Yes, you can live very well here for that.


----------



## md000 (Dec 16, 2008)

What is "normal"?

-md000/Mike


----------



## anil1320 (Sep 20, 2013)

XDoodle****** said:


> So you are getting 18,000 plus accommodation? And you are from India?
> 
> Yes, you can live very well here for that.


Hi ,
I am not getting accommodation. So without accomodation would it be fine to live there and save money?


Thanks
Anil


----------



## anil1320 (Sep 20, 2013)

Jumeirah Jim said:


> It's not a lot. Whether it is a fair salary is hard to know as you haven't said what industry.



Hi,
I am from IT industry and offered from one of consultancy from dubai without accomodation. Could you now please advise me if it is fine or not for this exp. and live in dubai. 
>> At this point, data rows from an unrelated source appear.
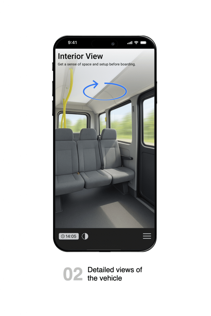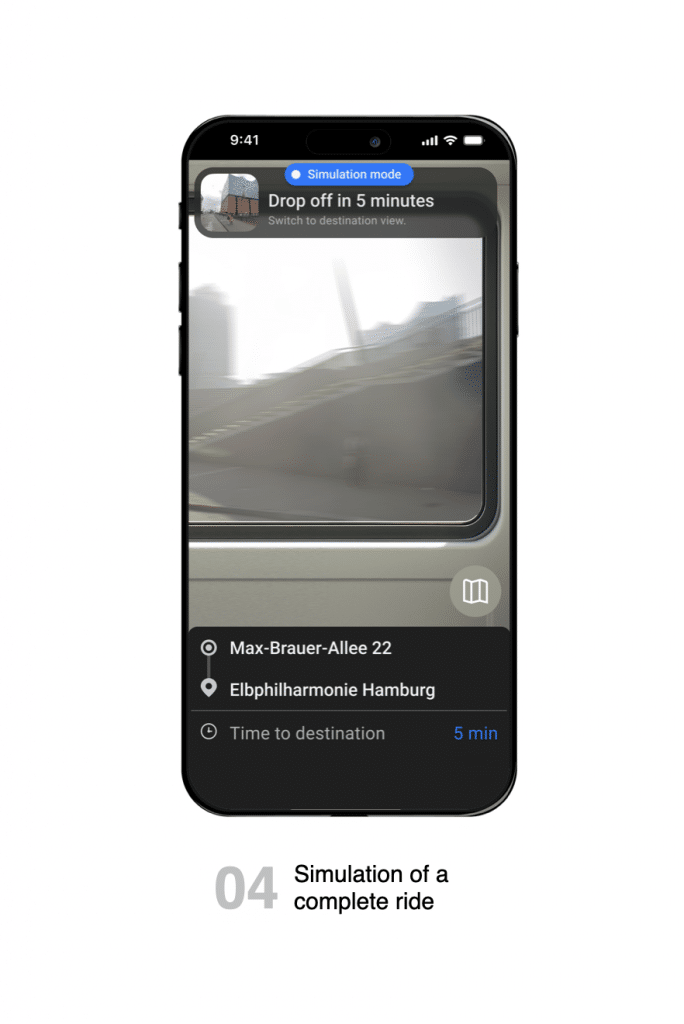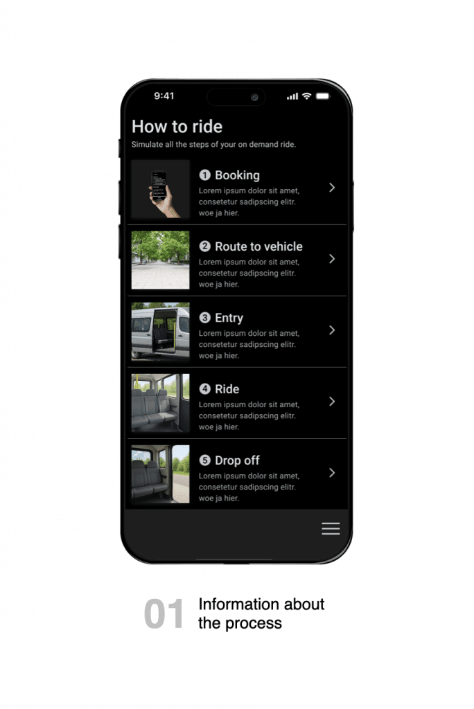 Ride Ready gibt den Nutzenden die Chance den gesamten Fahrtablauf bereits vor Nutzung zu durchlaufen. Angefangen bei der Buchung, mit den benötigten Parametern, über die Auswahl von ggf. Haltepunkten und der Simulation des Fahrzeuginnenraums bis hin zum Ausstieg. So wird eine größere Erwartbarkeit für die Umstände, die Umgebung und die Nutzung des Angebotes geschaffen.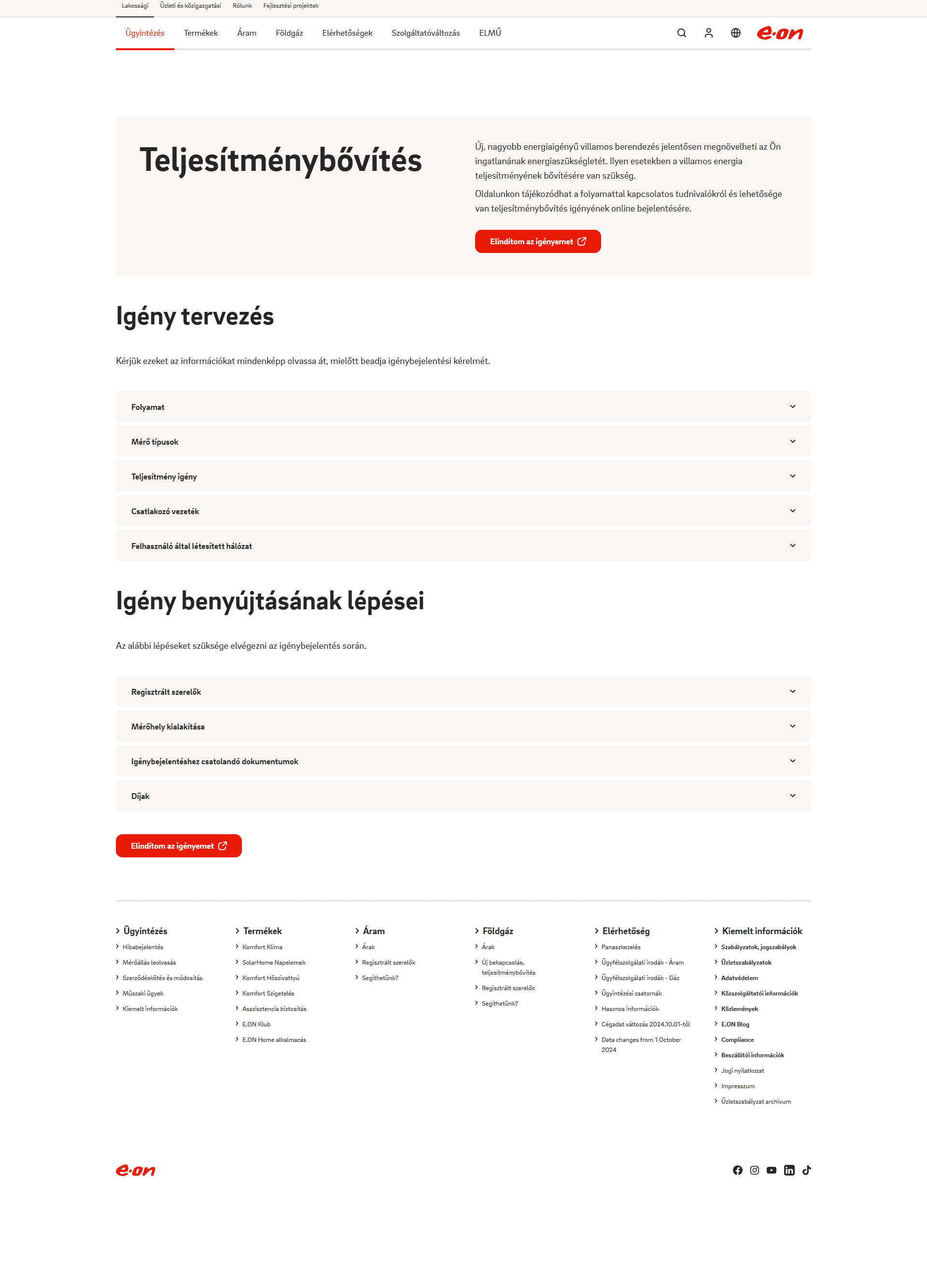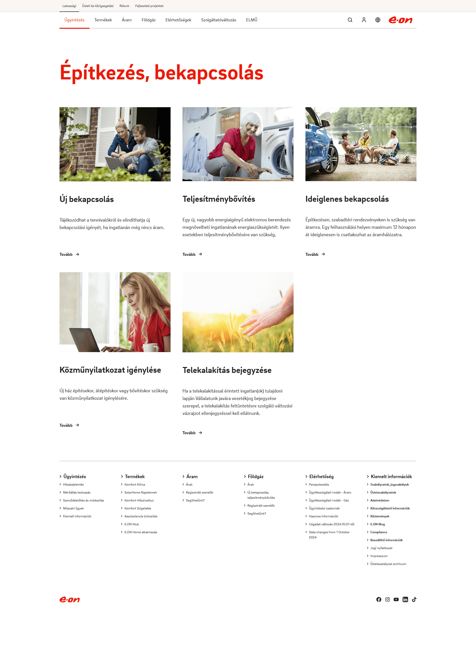 The 'New Service Application' customer journeys on e.ON Hungary's website were improved through redesigned user flows and newly created experiences.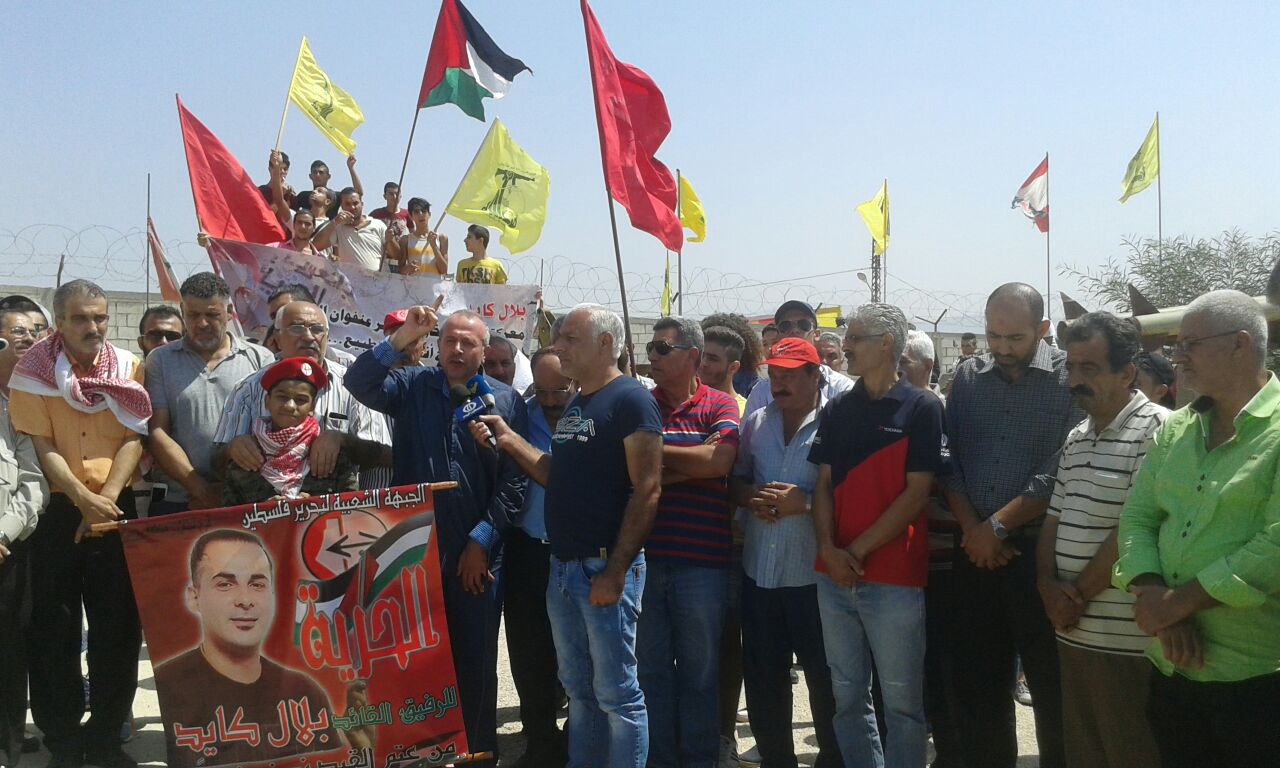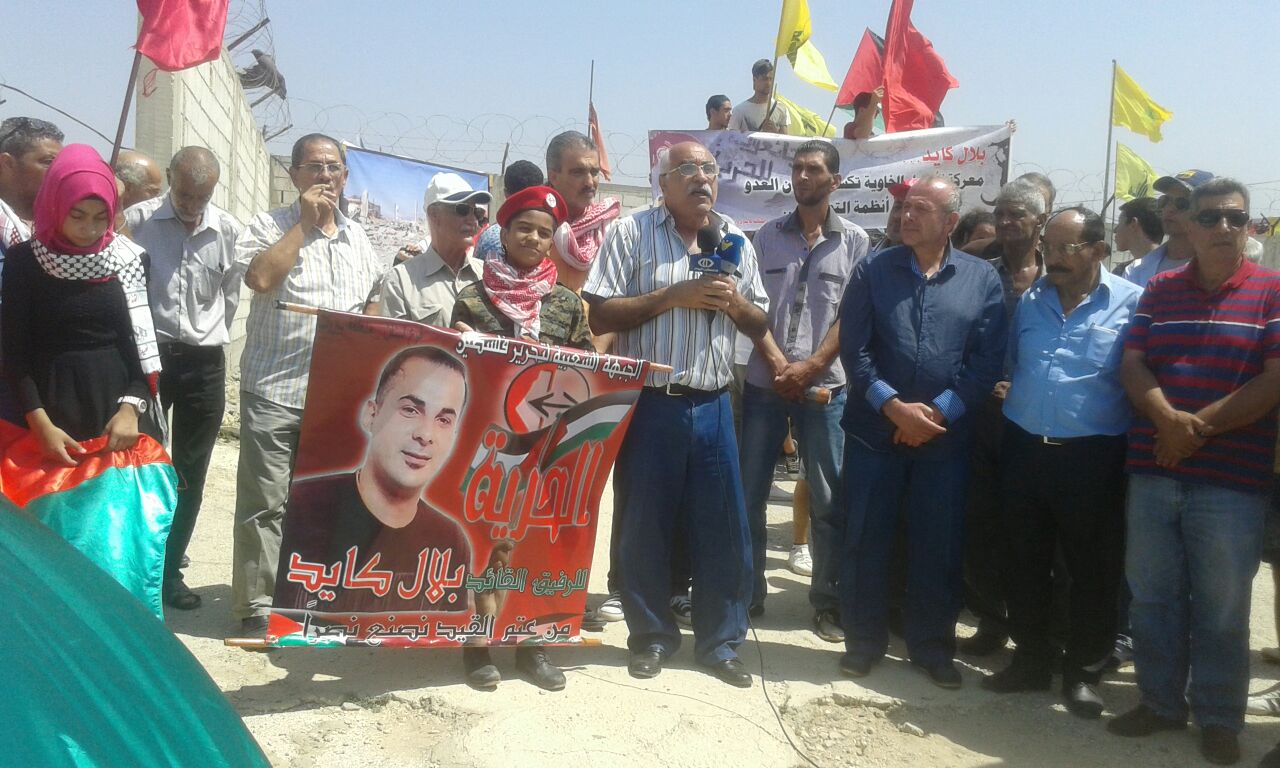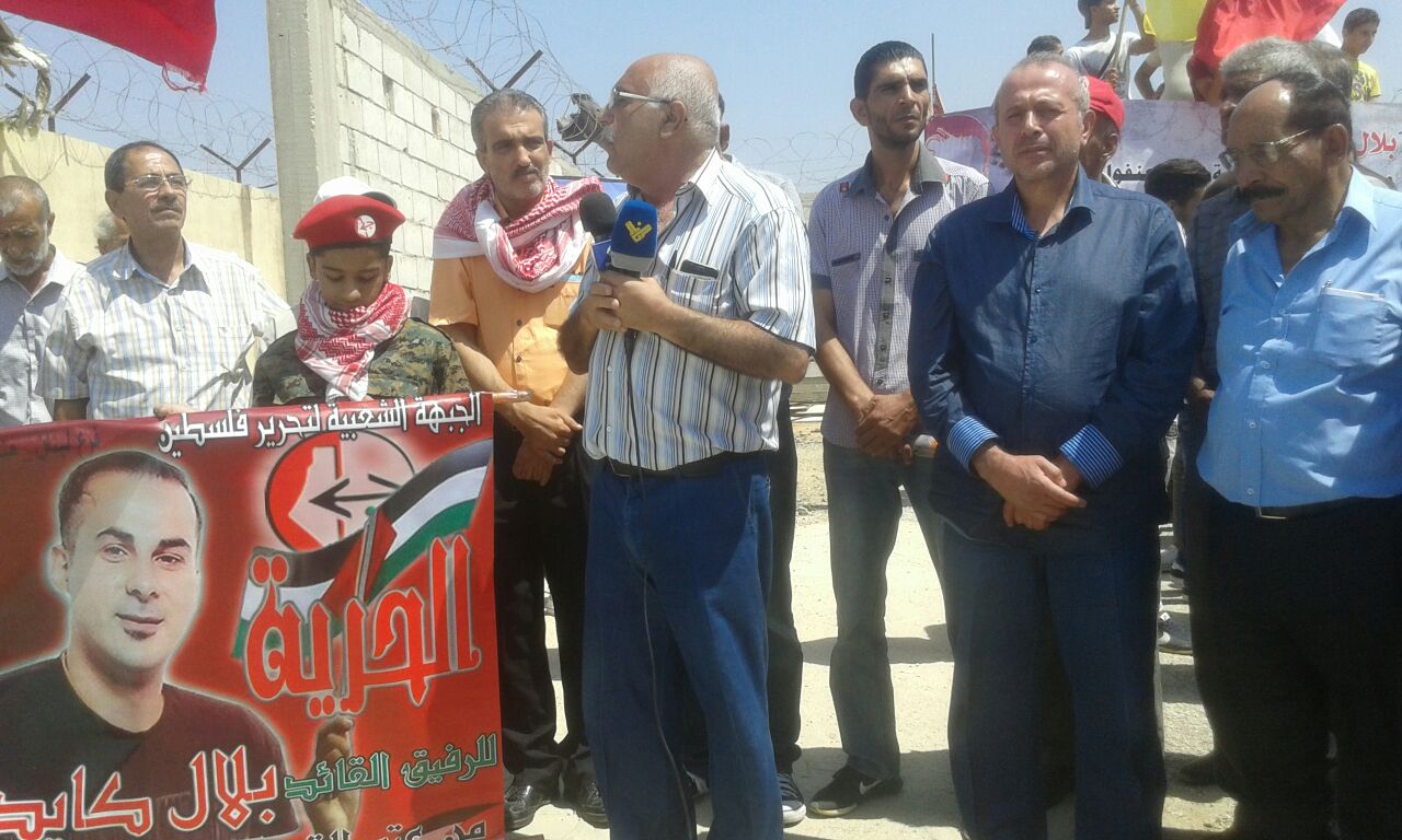 كلمة الجبهة الشعبية لتحرير فلسطين ألقاها أبو جابر، مسؤول العلاقات السياسية للجبهة الشعبية لتحرير فلسطين في لبنان، الذي بدأها بتوجيه التحية والفخر للمقاومة في انتصارها على المحتل الصهيوني وطرده مرغماً من لبنان جنوبه الصامد وكما وجه أبو جابر في كلمته التحية والتقدير والاعتزار للقائد بلال كايد على صموده وإصراره على مقاومة سجانيه، وإدارة وسلطة السجون الصهيونية، لنيله الحرية وكان ما أراد لبلال أنه نال حريته على أمل أن يفرج عنه قريباً، ليكون بين رفاقه وأهله ومحبيه وشعبه، ليمارس عمله الجهادي والمقاوم من جديد حتى تحقيق أهدافه وأهداف الشعب الفلسطيني بتحرير فلسطين وتحرير المعتقلين والأسرى من سجون ومعتقلات الكيان الصهيوني الغاصب. وأضاف أبو جابر نحن هنا لنحيي ذكرى استشهاد أبو علي مصطفى الذي عاد إلى أرض فلسطين ليناضل جنباً إلى جنب مع رفاقه مرددا مقوله أبو علي مصطفى عدنا إلى أرض الوطن لنقاوم ولن نساوم، واستشهد أبو علي على أرض فلسطين ليفتح الطريق أمام انتفاضة جديدة للشعب الفلسطيني امتدت على كل أرض فلسطين، مؤكداً من خلال استشهاده أننا جبهة عصية على الكسر والخنوع، وجاء انتخاب سعدات أميناً عاماً للجبهة، وتمت عملية اغتيال رحبعام زئيفي، ليؤكد للعالم أجمع بأننا جبهة الحكيم، وأبو علي مصطفى، وأحمد سعدات، وغسان كنفاني، وأبو ماهر اليماني، جبهة الشهداء، والجرحى، والمعتقلين، والأسرى، جبهة قدمت قافلة طويلة وكبيرة من الشهداء وخيرة قادتها بأنها جبهة لن تركع ولن تستكين ولن تساوم عن ذرة تراب من أرض فلسطين جبهة ستبقى متمسكة بالمقاومة والنضال حتى تحقيق أهداف شعبنا الفلسطيني في الحرية والاستقلال والعودة وتحرير كل الأسرى من معتقلات وسجون الاحتلال الصهيوني. وفي ختام كلمته وجه أبو جابر التحية للشهداء، والمعتقلين، والأسرى، وللمقاومين على أرض لبنان وفلسطين، كما أشار في كلمته كلمته إلى التمسك بأمن واستقرار لبنان، ولن نكون مع طرف ضد طرف آخر، كما طالب أبو جابر الدولة اللبنانية بالنظر إلى وضع الفلسطينين في لبنان ومعاملتهم معاملة تليق بهم، وإعطائهم حقوقهم المدنية والاجتماعية إلى حين عودتهم إلى فلسطين، وأكد رفض الشعب الفلسطيني بكل فئاته التوطين والتهجير.وفي ختام الوقفة التضامنية وجه فتحي أبو علي للحضور، والمشاركين، ووسائل الإعلام، والفضائيات، ولجنة الأسرى، والمعتقلين في سجون الاحتلال الصهيوني، وللقيمين على معتقل الخيام لإتاحتهم الفرصة للقاء والتضامن هنا مع بلال كايد، وإحياء لذكرى استشهاد أبي علي مصطفى، معاهدهم على الاستمرار في نهج المقاومة والمقاومين.

And Could you also update that How much would be the normal living cost in dubai for a couple sothat i can give a second thought for this offer?


Thanks & Regards
Anil


----------



## GumGardner (Aug 24, 2013)

18k a month?


----------



## anil1320 (Sep 20, 2013)

GumGardner said:


> 18k a month?




Yes.

Thanks 
Anil


----------



## FlexRay (Feb 12, 2013)

Depends what kinda of lifestyle you are leading?

Kids? Alcoholic? 6 Dogs?

I think your best bet is to find out how much accomodation will cost you then see how much you have left and decide for yourself


----------



## Chocoholic (Oct 29, 2012)

It really depends on your lifestyle to be honest. Paying for accommodation is going to be your biggest cost. Will your wife also be working?

Can you live on that and save? Yes, you can. Many people do.


----------



## XDoodlebugger (Jan 24, 2012)

anil1320 said:


> Hi ,
> I am not getting accommodation. So without accomodation would it be fine to live there and save money?
> 
> 
> ...


I have a civil engineer working for me that would be under your total package, has a wife and one small child and seems very happy and always has money. He lives in Bur Dubai in a 2 bedroom apartment that costs 80K.

I have another Indian working for me that makes about what you do, pays 80k in Abu Dhabi, 2 kids in school and is always broke.

YRMV


----------



## ziokendo (Jan 7, 2012)

anil1320 said:


> Yes.
> 
> Thanks
> Anil


I used to make slightly less with my first job here in Dubai, lead a very confortable life and afforded things that never could've dreamt of in my home country (like a 2.4ltr honda accord, a 1br garden view well furnished apt in the greens with park, pool and gym access, 4* holidays, etc) while still making 2 to 5k aed saving per month.

Admittedly I don't drink much, I know people who spend the same just in drinks here, and with a family everything is different because of the school fees, plus the rents in freehold dubai are under increasing pressure.

Some of the people in my team, altough quite qualified in their field, accept much less than that as a package and lead a very happy life as well, just they bear a quite long commute from sharjah or ajman to limit housing expenses.


----------